▶ WHAT THE EXERCISE ASKS
From the listing below, copy only the lines from the line that contains "Die Öffnung an" to the line that contains "现在,澳洲所有的八大都已经转", counting those two lines as part of the copy.

▶ AVAILABLE DATA
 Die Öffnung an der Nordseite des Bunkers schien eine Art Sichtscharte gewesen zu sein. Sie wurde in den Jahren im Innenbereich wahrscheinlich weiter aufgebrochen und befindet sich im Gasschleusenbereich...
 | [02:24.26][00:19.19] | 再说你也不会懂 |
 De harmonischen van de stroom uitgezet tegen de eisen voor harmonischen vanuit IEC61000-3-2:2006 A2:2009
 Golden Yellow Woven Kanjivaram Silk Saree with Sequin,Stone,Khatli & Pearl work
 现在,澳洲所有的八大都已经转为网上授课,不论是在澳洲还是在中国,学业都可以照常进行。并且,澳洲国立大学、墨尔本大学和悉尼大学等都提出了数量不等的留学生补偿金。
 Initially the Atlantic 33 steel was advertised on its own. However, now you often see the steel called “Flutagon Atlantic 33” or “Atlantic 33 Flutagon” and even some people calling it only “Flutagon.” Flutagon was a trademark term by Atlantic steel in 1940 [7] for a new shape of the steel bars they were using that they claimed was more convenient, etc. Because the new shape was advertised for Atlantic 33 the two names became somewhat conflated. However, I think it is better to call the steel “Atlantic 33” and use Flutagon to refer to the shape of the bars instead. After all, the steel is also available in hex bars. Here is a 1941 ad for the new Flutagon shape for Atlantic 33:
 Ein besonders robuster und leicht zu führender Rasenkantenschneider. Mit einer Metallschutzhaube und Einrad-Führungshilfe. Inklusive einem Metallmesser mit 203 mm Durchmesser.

...

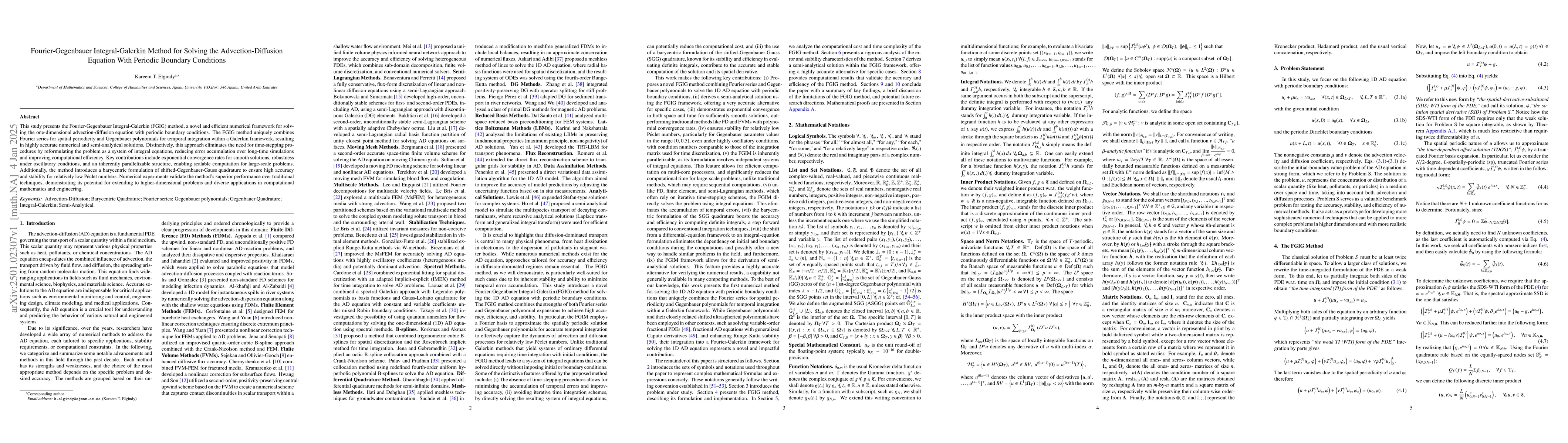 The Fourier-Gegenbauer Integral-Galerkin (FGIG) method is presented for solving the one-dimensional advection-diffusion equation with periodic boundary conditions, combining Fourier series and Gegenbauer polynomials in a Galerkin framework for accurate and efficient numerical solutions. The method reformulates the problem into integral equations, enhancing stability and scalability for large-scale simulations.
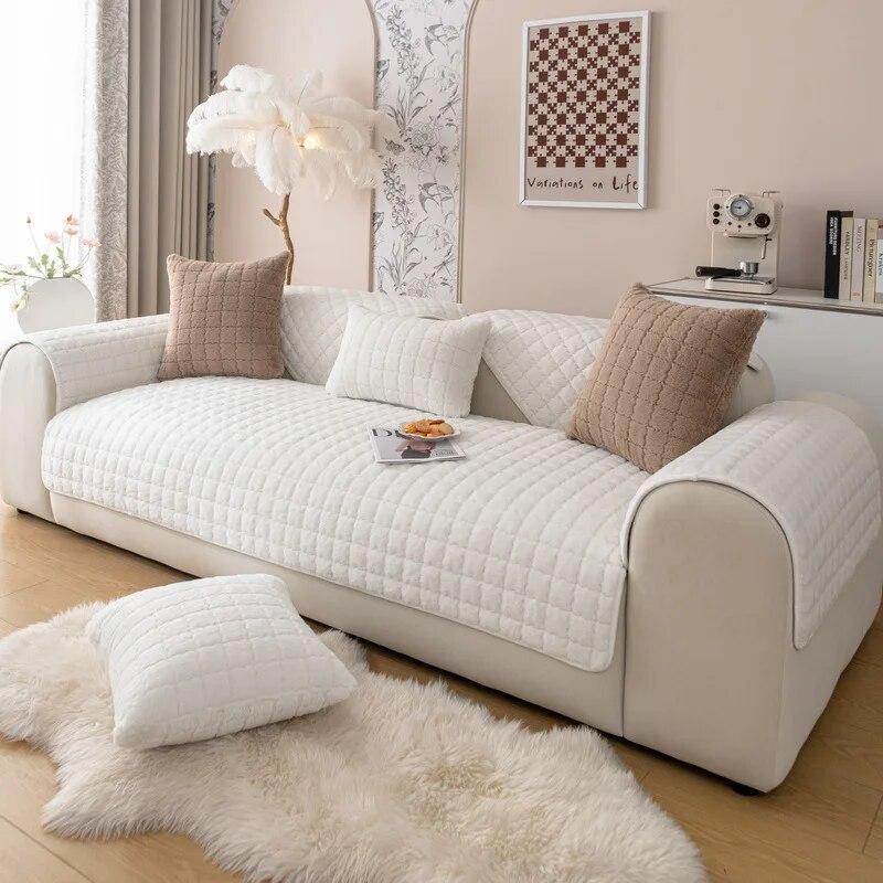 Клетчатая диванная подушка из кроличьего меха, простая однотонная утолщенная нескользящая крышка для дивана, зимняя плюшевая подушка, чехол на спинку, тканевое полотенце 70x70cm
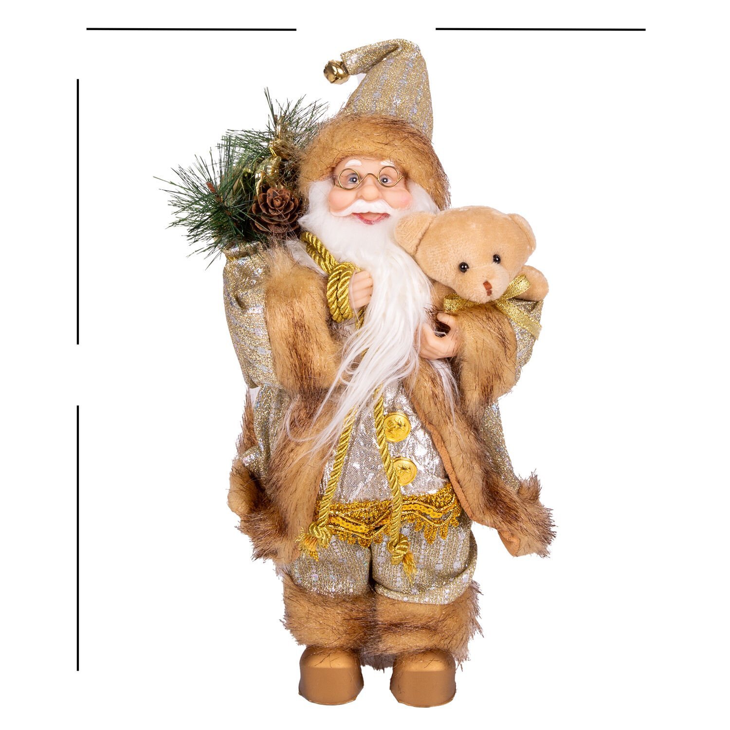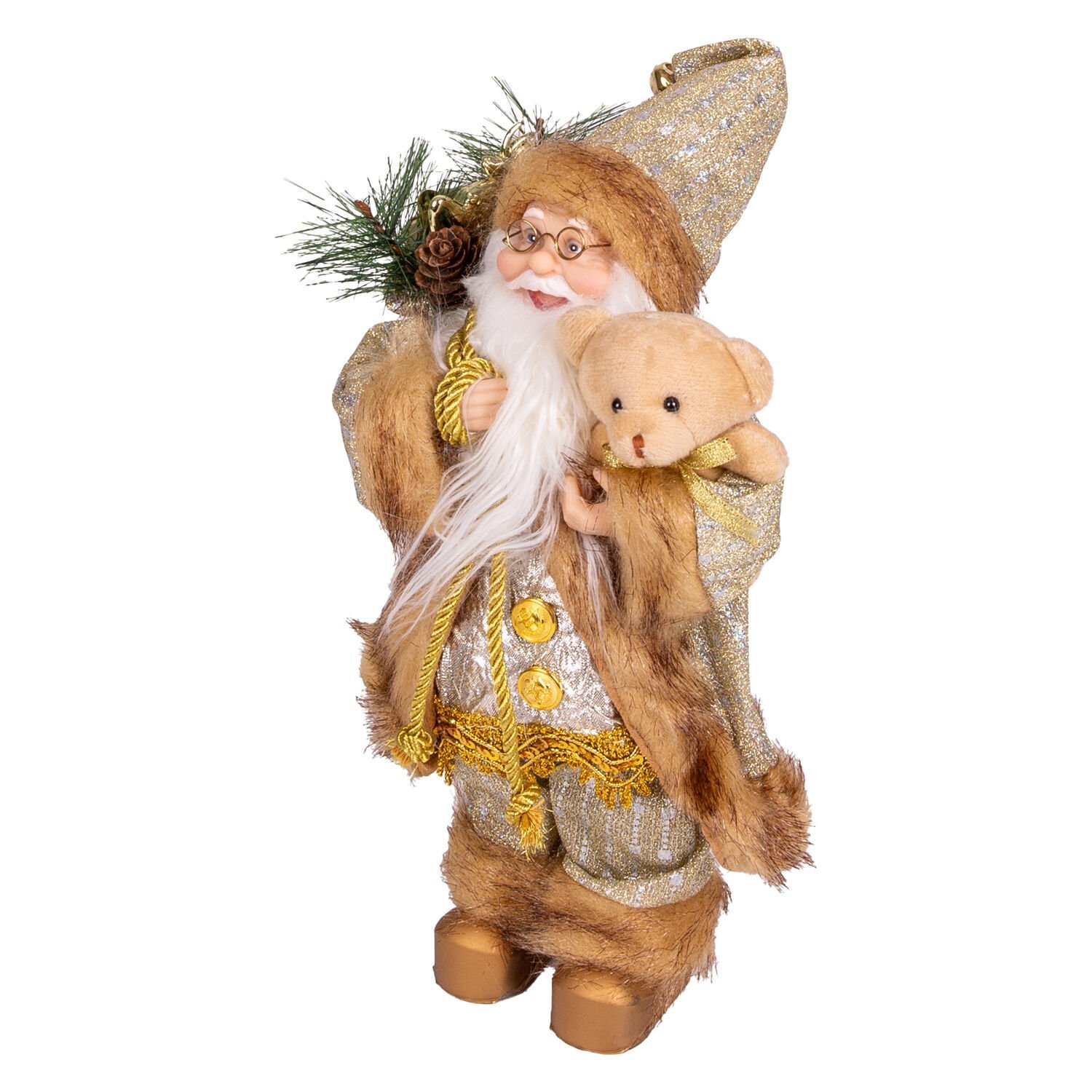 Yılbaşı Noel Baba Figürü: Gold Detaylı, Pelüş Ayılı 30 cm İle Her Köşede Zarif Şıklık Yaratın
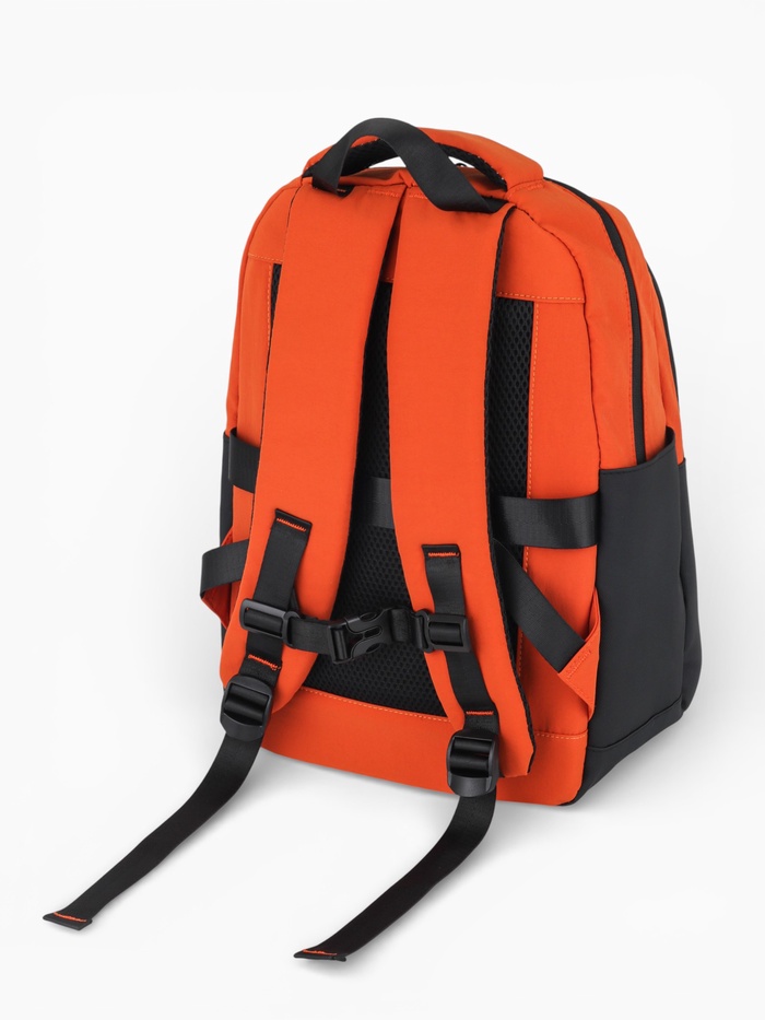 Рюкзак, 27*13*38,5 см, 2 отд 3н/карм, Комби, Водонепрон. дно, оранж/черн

▶ EXERCISE RESULT
 Die Öffnung an der Nordseite des Bunkers schien eine Art Sichtscharte gewesen zu sein. Sie wurde in den Jahren im Innenbereich wahrscheinlich weiter aufgebrochen und befindet sich im Gasschleusenbereich...
 | [02:24.26][00:19.19] | 再说你也不会懂 |
 De harmonischen van de stroom uitgezet tegen de eisen voor harmonischen vanuit IEC61000-3-2:2006 A2:2009
 Golden Yellow Woven Kanjivaram Silk Saree with Sequin,Stone,Khatli & Pearl work
 现在,澳洲所有的八大都已经转为网上授课,不论是在澳洲还是在中国,学业都可以照常进行。并且,澳洲国立大学、墨尔本大学和悉尼大学等都提出了数量不等的留学生补偿金。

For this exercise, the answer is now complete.